I would allow this application and grant the relief sought, which is a
declaration that Article 3 of the 1996 Order is unlawful.
30. LORD
JUSTICE ROSE: I agree. By section 130 of the Supreme Court Act 1981,
Parliament conferred on the Lord Chancellor a simple power, subject to the
concurrence of the Treasury and judicial Heads of Division, to prescribe
Supreme Court fees.
31.
There is nothing in the section or elsewhere to suggest that Parliament
contemplated, still less conferred, a power for the Lord Chancellor to
prescribe fees so as totally to preclude the poor from access to the courts.
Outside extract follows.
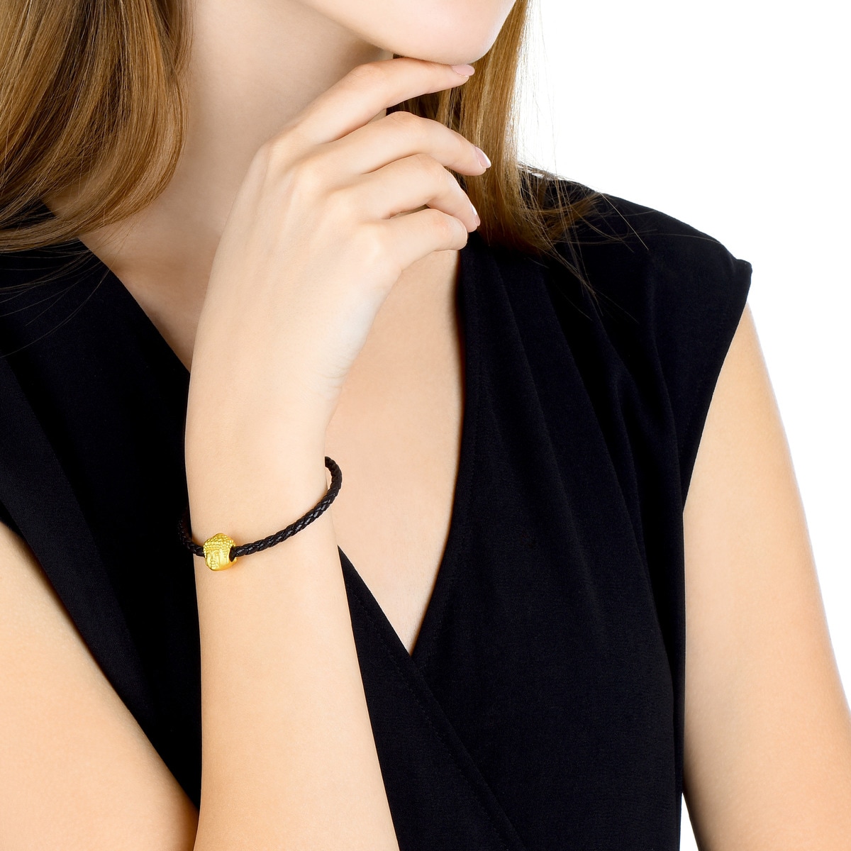 在佛教中有著崇高地位的佛陀,化身造型別致的黃金串珠,象徵智慧及平安。串珠做工精巧,佛陀頭上的肉髻與福耳均細緻呈現。
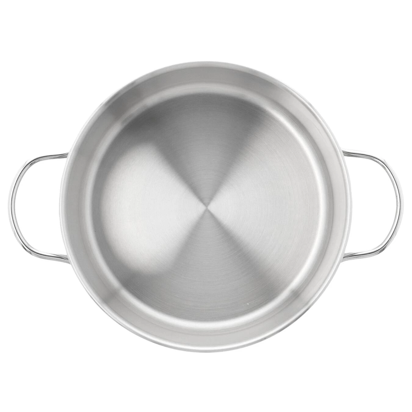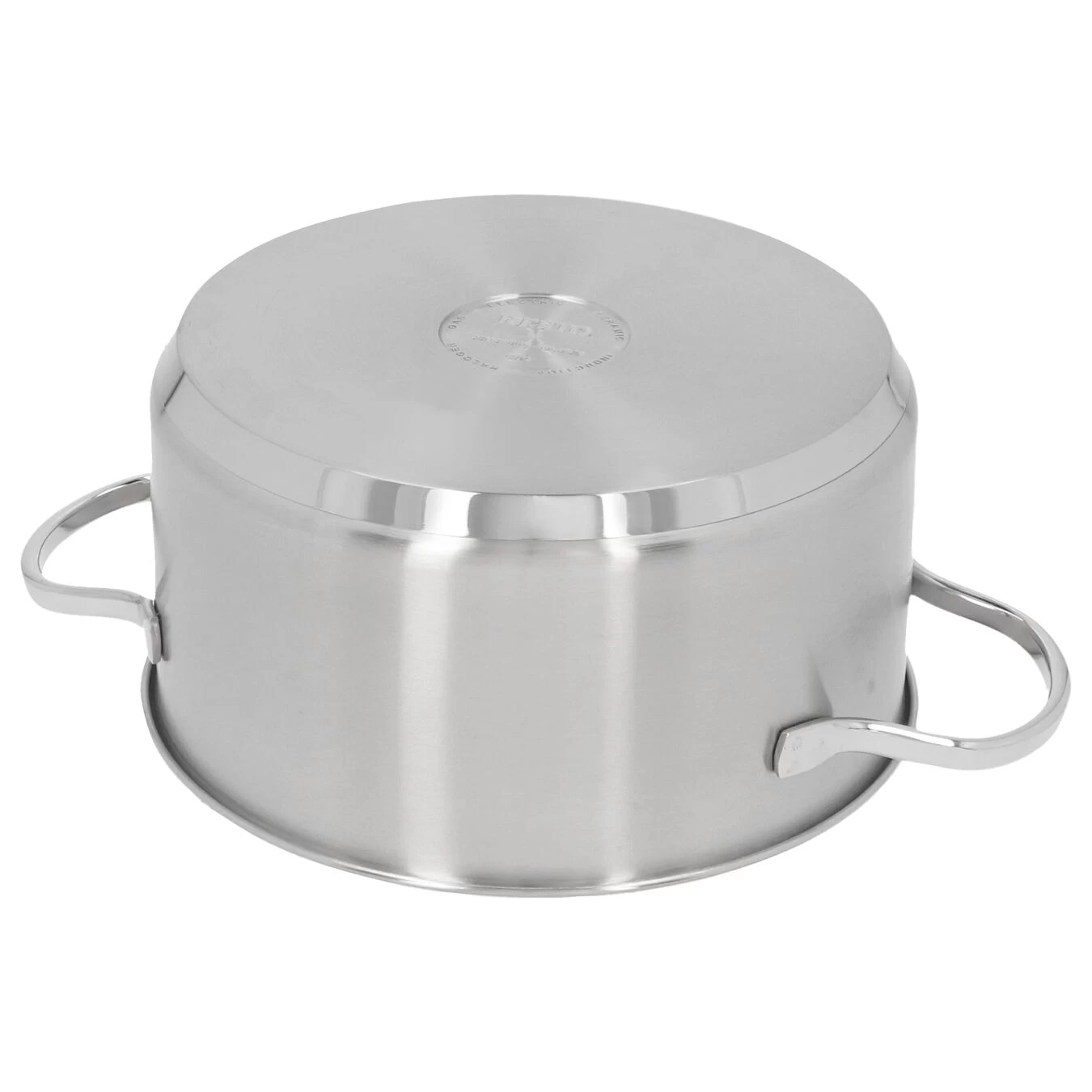 Dit kwalitatieve kookgerei doet niet alleen prima jouw ding, het ziet er ook goed uit. De kookpan – hier met doorsnede 20 cm – is mooi mat gepolijst terwijl het deksel schitterend glanst.

Clear legislation would in my view be necessary to confer such a power and
there is none.
35. MR
RICHARDS: My Lords, I have an application for leave to appeal. I think I need
to say this in support, that this is a case of obvious importance giving rise
to a major question of constitutional principles as to the nature of the
rights, which are in issue here, and the question of whether, in what
circumstances, provisions of this kind are subject to an implied limitation.
36. MR
DUFFY: My Lords, on the issue of whether leave to appeal should be granted,
that is, of course, a matter for your Lordships. In several cases of high
public interest and importance, but where the court was clear as to the
conclusion, leave has been denied. I mention, just by way of example, the
Pergau
Dam
case and the contrary
Coventry
Airport
and
Dover
Harbour Board
cases. We acknowledge that this is the first time this particular statutory
power has to be dealt with and, therefore, leave the matter in your Lordships'
discretion.
37. MR
JUSTICE LAWS: If you had lost, nobody's feet would have touched the ground
before you would have been asking for leave to appeal.
38. MR
DUFFY: My Lords, our concern is, if your Lordships are minded to grant leave,
that the position of Mr Witham ought to be protected. I understand from my
learned friend that there will be, in the interim, no obstacle to him issuing
his writ. The time is to expire very shortly on the 15th. Should he, having
issued the writ, though notwithstanding the further fees to which he may become
liable (and those are dealt with in Mr Grosz' affidavit at pages 19 and 20),
and the only question about legal aid not being continued, we would ask that if
leave is granted it would be on the condition that the Respondent should not
seek costs but, indeed, should bear the costs if legal aid is not available to
allow Mr Witham's argument to be put forward.
39. MR
RICHARDS: There are two points, my Lords. First, with regards the effect of
the Order, my understanding is that your Lordships have granted a declaration
that the Order is unlawful. It is equivalent to
certiorari.
Therefore, fees cannot now be charged in the circumstances that are defined in
the original 1980 Order. That simply defines ----
41. MR
RICHARDS: Yes, so far as concerns the provisions relevant to this case. As
regards to costs of the appeal, in my submission it is not appropriate to
impose a condition as to costs with a grant of leave. Costs will be in the
discretion of the Court of Appeal at the end of the day. In my submission,
that is the right basis for the matter to be considered in the light of the
circumstances.
45. LORD
JUSTICE ROSE: I would have thought you had it without us saying anything. If
we need to say anything you may have it.
46. MR
DUFFY: My Lords, may I, on behalf Mr Witham, thank your Lordships for the speed
with which you dealt with this matter.
47. MR
JUSTICE LAWS: As my Lord has said, there are copies available. There are some
typing errors for which I apologise.